Reputation: 1981
I have a json
file exported from Firebase that looks like the below.
{
"reports" : {
"Google-Pixel 2 XL" : {
"-MIoCtD9YUF2G9Esfrfz" : {
"message" : "04 Oct 2020 23:25:17:047 onCreate MainActivity",
"timestamp" : 1601825117067
},
"-MIoCtFVOxu8wdEHtm6q" : {
"message" : "04 Oct 2020 23:25:17:214 onCreate Service",
"timestamp" : 1601825117216
},
"-MIoCyBtKMQqQzUHEXsW" : {
"message" : "04 Oct 2020 23:25:37:682 onStartCommand Service",
"timestamp" : 1601825137685
},
"-MIoFWll9r3qwzWNoGMn" : {
"message" : "04 Oct 2020 23:36:47:687: (1.3212517, 103.860314)",
"timestamp" : 1601825807693
}
},
"Vivo 1820" : {
"-MIoF14JUm6JMZrOzDlL" : {
"message" : "04 Oct 2020 23:34:37:623 onCreate MainActivity",
"timestamp" : 1601825677653
},
"-MIoF1A9ZZNqTu5W-rQD" : {
"message" : "04 Oct 2020 23:34:38:016 onCreate Service",
"timestamp" : 1601825678026
},
"-MIoF2gNDua9FfLBTg6q" : {
"message" : "04 Oct 2020 23:34:44:235 onCreate MainActivity",
"timestamp" : 1601825684248
}
}
}
}
I am trying to convert it into a 4 column dataframe that looks like the below
model | id | message | timestamp
Google-Pixel 2 XL | -MIoCtD9YUF2G9Esfrfz | 04 Oct 2020 23:25:17:047 onCreate... | 1601825117067
Vivo 1820 | -MIoF14JUm6JMZrOzDlL | 04 Oct 2020 23:34:37:623 onCreate... | 1601825677653
How do I do that? I tried various ways and with normalizing but can't seem to get it.

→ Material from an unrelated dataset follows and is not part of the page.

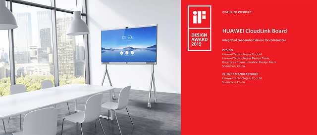 Huawei CloudLink Board که محصولی از بخش «ارتباطات سازمانی» هوآوی است، به عنوان برنده مراسم iF Design Award امسال شناخته‌شد؛ مراسمی که از آن به عنوان «اسکار طراحی» هم یاد می‌شود. این محصول یک دستگاه «حضور از راه دور مشارکتی» (Collaborative Telepresence)‌ است، به خاطر سبکی، زیبایی، طراحی یکپارچه (all-in-one)، ظاهر مینی‌مال و تاکید روی سه ویژگی کارایی، قدرت و هیجان برنده دو جایزه از این مراسم شده است.
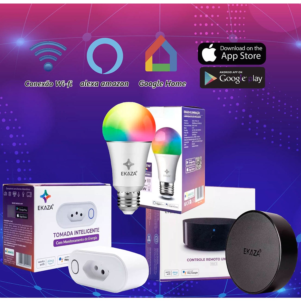 Kit Casa Inteligente Lâmpada Tomada Controle Remoto Compativel Alexa Google Home Smart Life Tuya Automocação Residencia

data = pd.read_json("firebase-file.json")
df = pd.json_normalize(data, record_path="reports")
Thank you.
Upvotes: 2
Views: 297
Reputation: 22493
I think you need to flatten it yourself, good thing it isn't complicated:
s = [[k, i, *j.values()] for k,v in data["reports"].items() for i, j in v.items()]
print (pd.DataFrame(s))
0 1 2 3
0 Google-Pixel 2 XL -MIoCtD9YUF2G9Esfrfz 04 Oct 2020 23:25:17:047 onCreate MainActivity 1601825117067
1 Google-Pixel 2 XL -MIoCtFVOxu8wdEHtm6q 04 Oct 2020 23:25:17:214 onCreate Service 1601825117216
2 Google-Pixel 2 XL -MIoCyBtKMQqQzUHEXsW 04 Oct 2020 23:25:37:682 onStartCommand Service 1601825137685
3 Google-Pixel 2 XL -MIoFWll9r3qwzWNoGMn 04 Oct 2020 23:36:47:687: (1.3212517, 103.860314) 1601825807693
4 Vivo 1820 -MIoF14JUm6JMZrOzDlL 04 Oct 2020 23:34:37:623 onCreate MainActivity 1601825677653
5 Vivo 1820 -MIoF1A9ZZNqTu5W-rQD 04 Oct 2020 23:34:38:016 onCreate Service 1601825678026
6 Vivo 1820 -MIoF2gNDua9FfLBTg6q 04 Oct 2020 23:34:44:235 onCreate MainActivity 1601825684248
Upvotes: 3
Reputation: 4648
According to the official docs of pd.json_normalize()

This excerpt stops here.